For many startups, the first financial model you build will be a 3-5 year long-range plan, often built in advance of raising outside capital. Companies that already have a long-range plan can minimize the effort it takes to build an annual planning model by leveraging the existing long-range model and just doing a deep dive refresh of the next fiscal year. Keep this dual purpose in mind when building your first long-range plan, and make sure you develop your long-range plan model at a sufficient level of detail (e.g., monthly) to be able to repurpose the work for your annual planning process.
In building out the model, your finance lead can streamline the rest of the team’s efforts by analyzing historical revenue and expense growth and building the model with preliminary assumptions based on trendlines and knowledge of business plans and objectives. For companies that are large enough to have department-level P&L ownership (usually by the time the company is 40 or more employees), I generally provide department leads with pre-filled templates that show the first draft of projected expenses for their departments. These can then be modified as we evaluate growth objectives and tradeoffs in Step 2 of the planning process.
Step 2: Gather Inputs and Evaluate Tradeoffs and Scenarios
Once the model is built and pre-filled with initial assumptions, the CEO and executive team need to review and provide input. I generally find it most productive to gather their preliminary inputs, update the model, and then schedule an executive team working session to iterate on the plan.

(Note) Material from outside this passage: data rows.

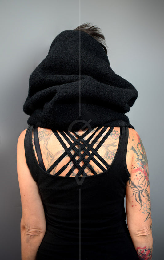 Black Wool snood//cowl//scarf + Futuristic Dystopian Goth.
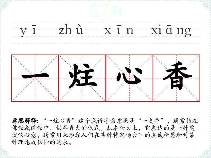 “一炷心香”来源于文化,香火在中是供奉神灵和祖先的传统,象征着对神灵的敬仰和祈祷。历史上,信徒在寺庙中点燃香火,表示心中对佛祖的敬意和愿望。成语的具体出处可能较难追溯,但在古代文人的诗词中常常提到供香的场景。
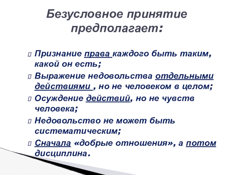 Безусловное принятие предполагает:
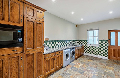 In the evening, come home to your house to host an extravagant dinner in the elegant formal dining room. Step inside and you’ll find yourself in a wonderful games’ room – the perfect place for a friendly game of pool or a competitive darts tournament. There is a bedroom that sits just off from this room, with a luxurious king-sized bed and its own en-suite shower room. Moving further in, you enter a large utility room, a great space to make sure that muddy boots and paws are clean, before coming to the beautiful country-style kitchen with a glowing wood burner and a large table for six. This space is perfect for those wanting to cook together, enjoy morning coffee whilst planning your day, or to enjoy the cosy log burner whilst reading a book. There are two large, welcoming lounges, great for multi-generational groups. A resplendent dining room with seating for 16 at its large dining table completes the ground-floor layout. Two separate staircases lead from this floor – one to the basement and one to the first floor. In the basement you’ll find a wonderful media room where you can enjoy fun movie nights with your friends and family, as well as a king-size bedroom and a shower room. Upstairs on the first floor you’ll find the remaining bedrooms: two king size, on four poster king size with en-suite and two triples completing the first-floor layout there are two family bathrooms - one large spa-like bathroom with a shower/sauna, and bath; and one with a bath and shower.
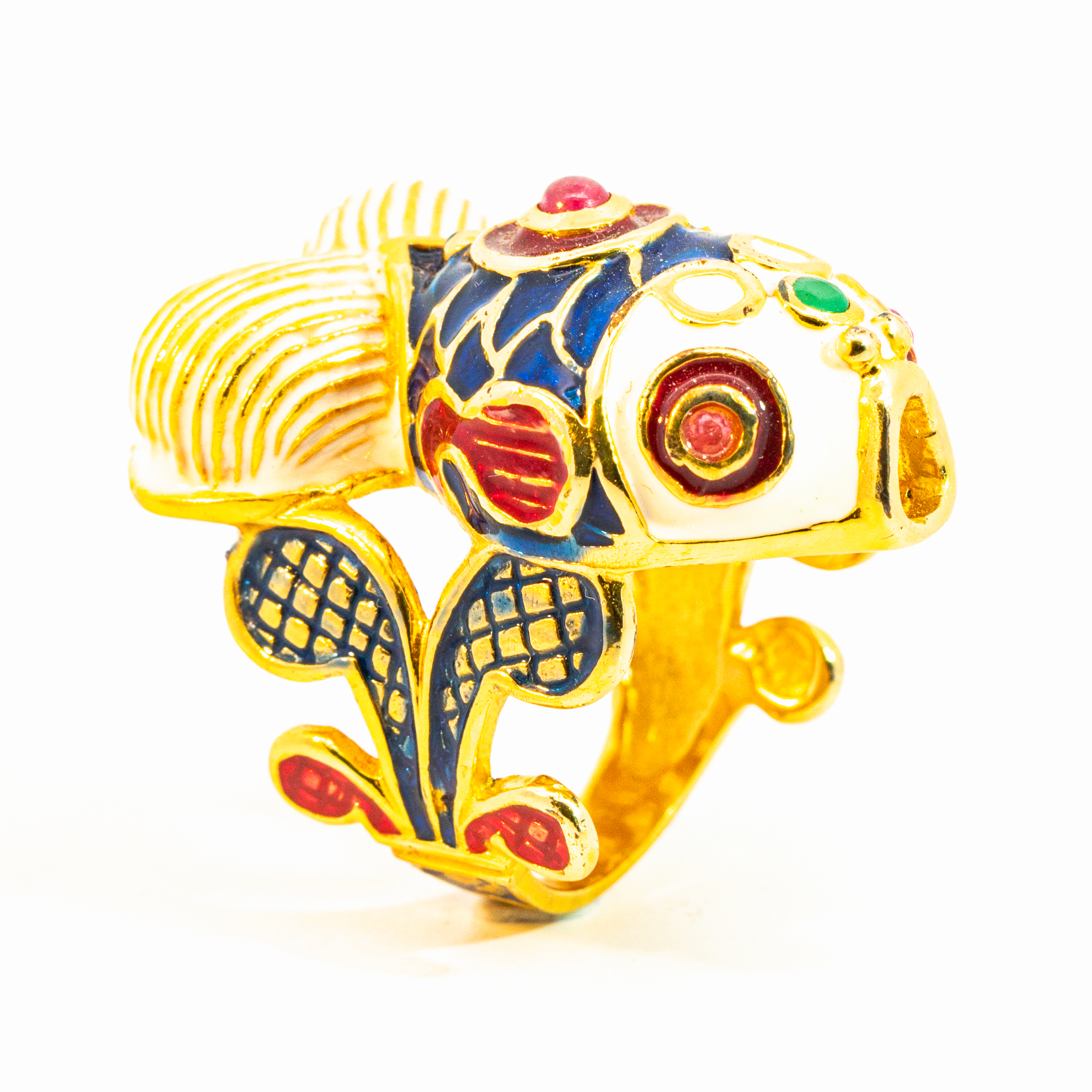 Sterling silver jewelry with 22k gold plated, natural stone and enamel.
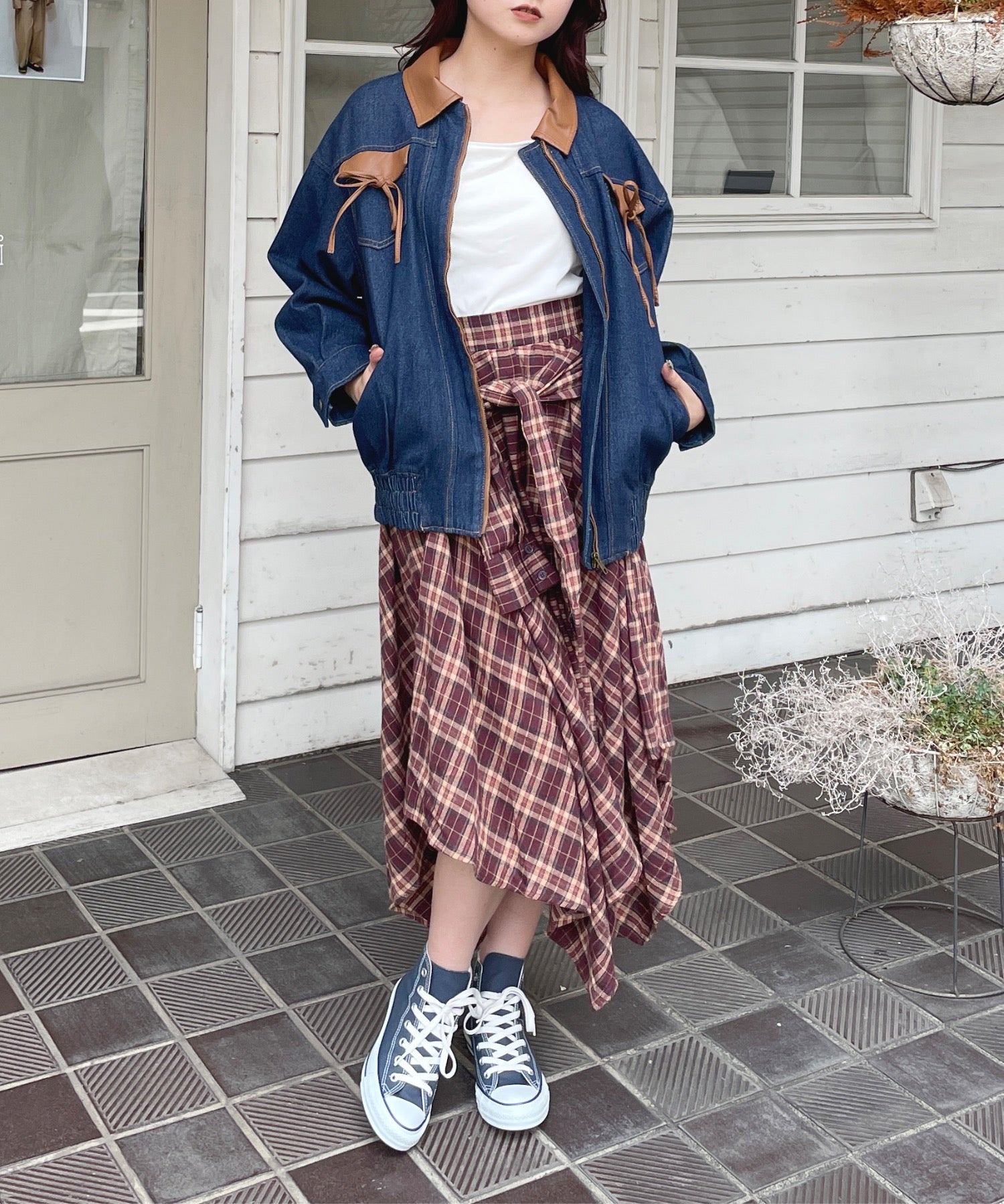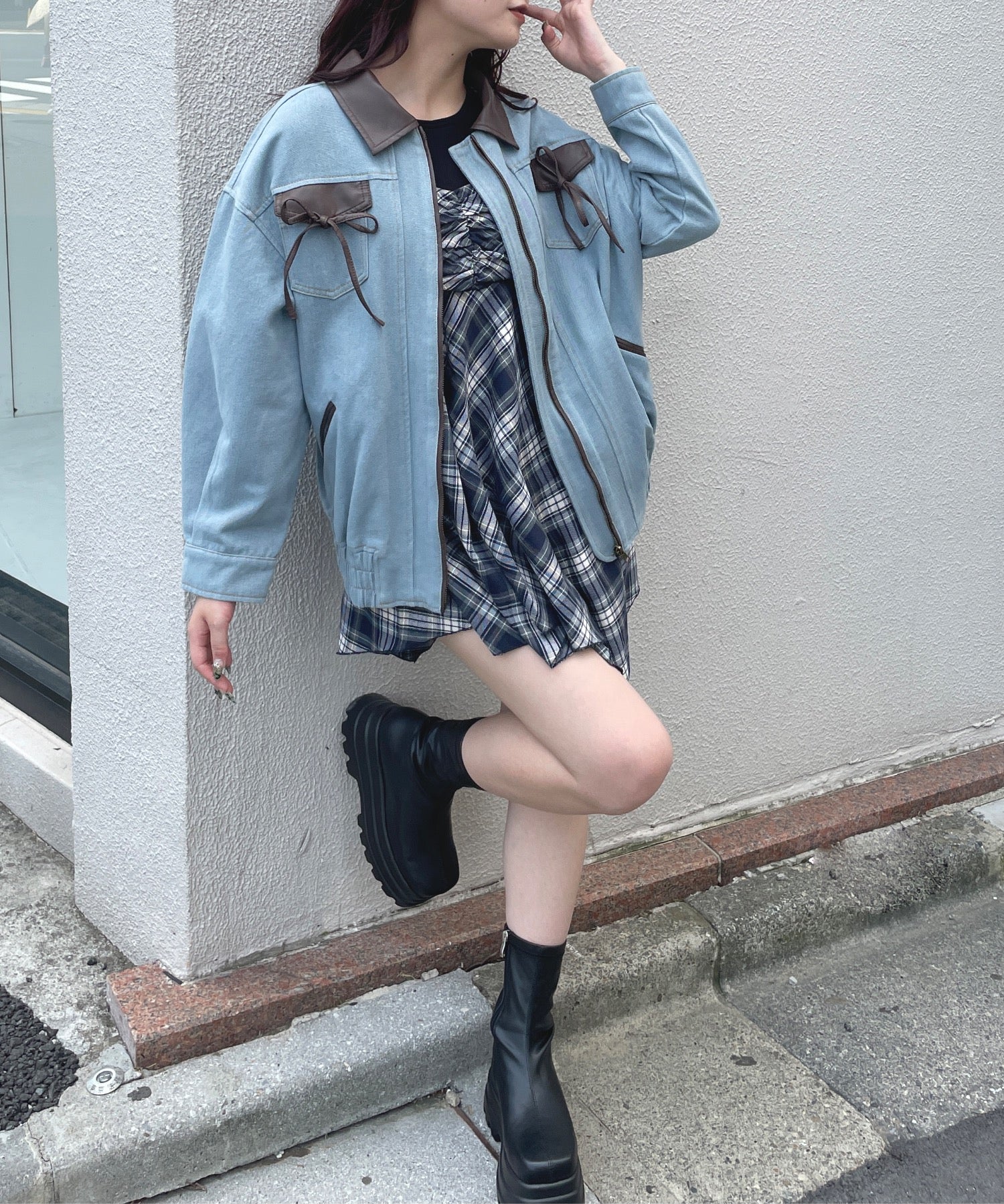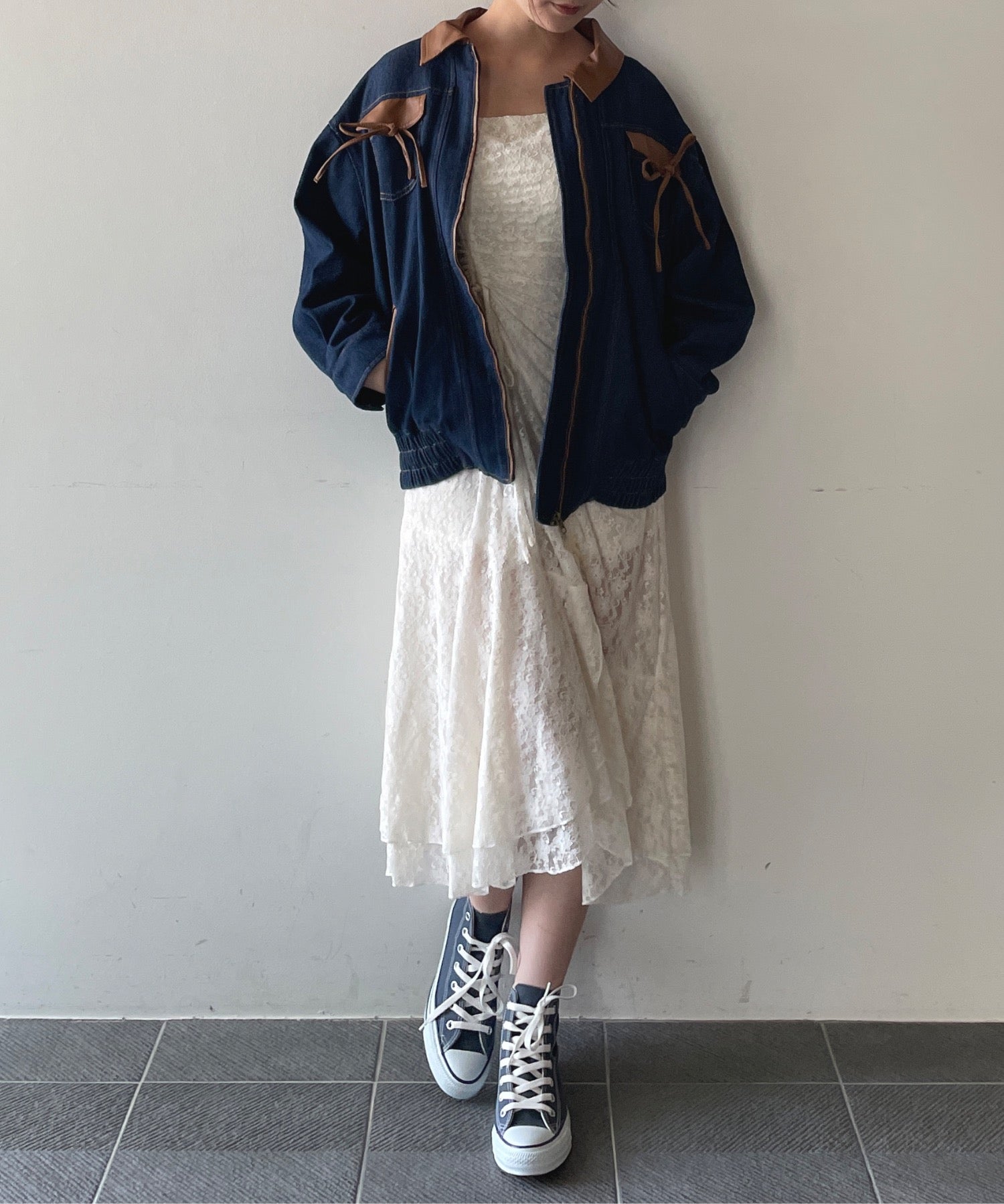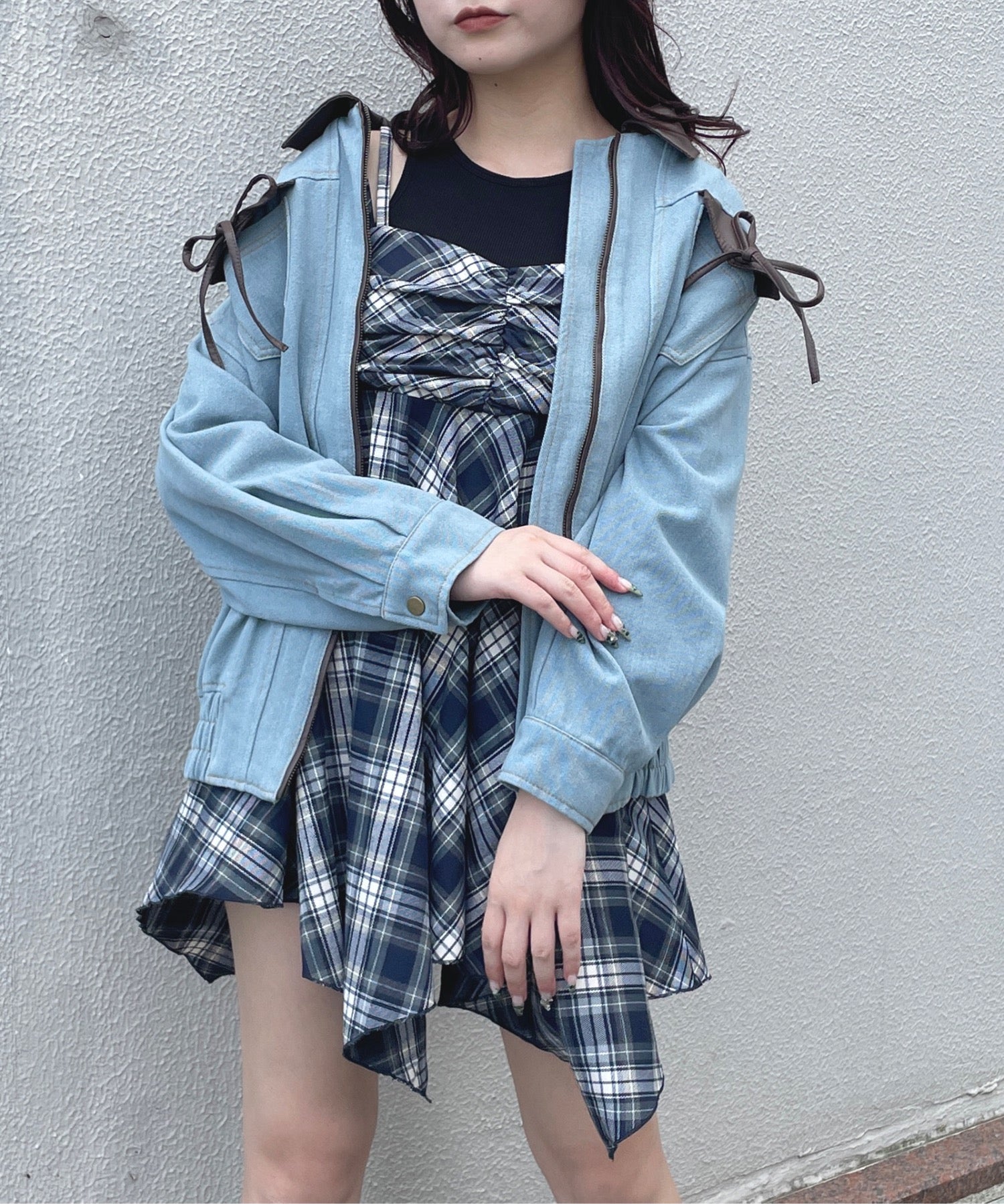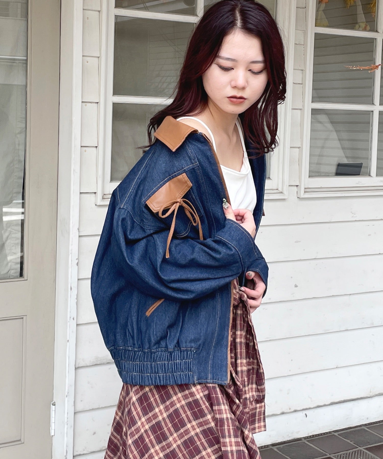 ・胸元のリボンがカジュアルなデニムにガーリーさをプラス♪

During the working session, the executive team should align on the team’s vision and objectives for the year and translate this into specific revenue growth targets and required investments. The team should also evaluate tradeoffs between different expenditures and agree on which targeted investments must be prioritized or cut to maintain an acceptable cash burn level.
As part of this process, it is often useful to build scenario plans to anticipate various outcomes and associated responses. Scenario planning has been an incredibly helpful tool in the post-Covid landscape when many startups have faced higher levels of uncertainty around business prospects and their ability to raise their next round of financing. To the extent that a company builds multiple scenario plans, they should select one of these scenarios as the “base case,” which becomes their annual financial plan.
Step 3: Finalize Your Plan and Get Board Approval
Following the executive working session, some additional analysis and updates may be needed to finalize the plan. The CEO should sign off on the final proposed plan.
The last step is to get approval from the Board. Ideally, the plan should be pre-vetted with the Board in advance of the Board meeting. Depending on the hands-on nature of your Board members and the extent to which your annual plan is a significant shift from your operations to date, it may be worthwhile to schedule a pre-meeting with Board members to review the plan. Otherwise, you should distribute pre-read materials that provide detail about the proposed plan at least two days before the Board meeting.
There you have it… startup financial planning as easy as 1..2..3! I hope you enjoy your pumpkin spiced latte and happy planning!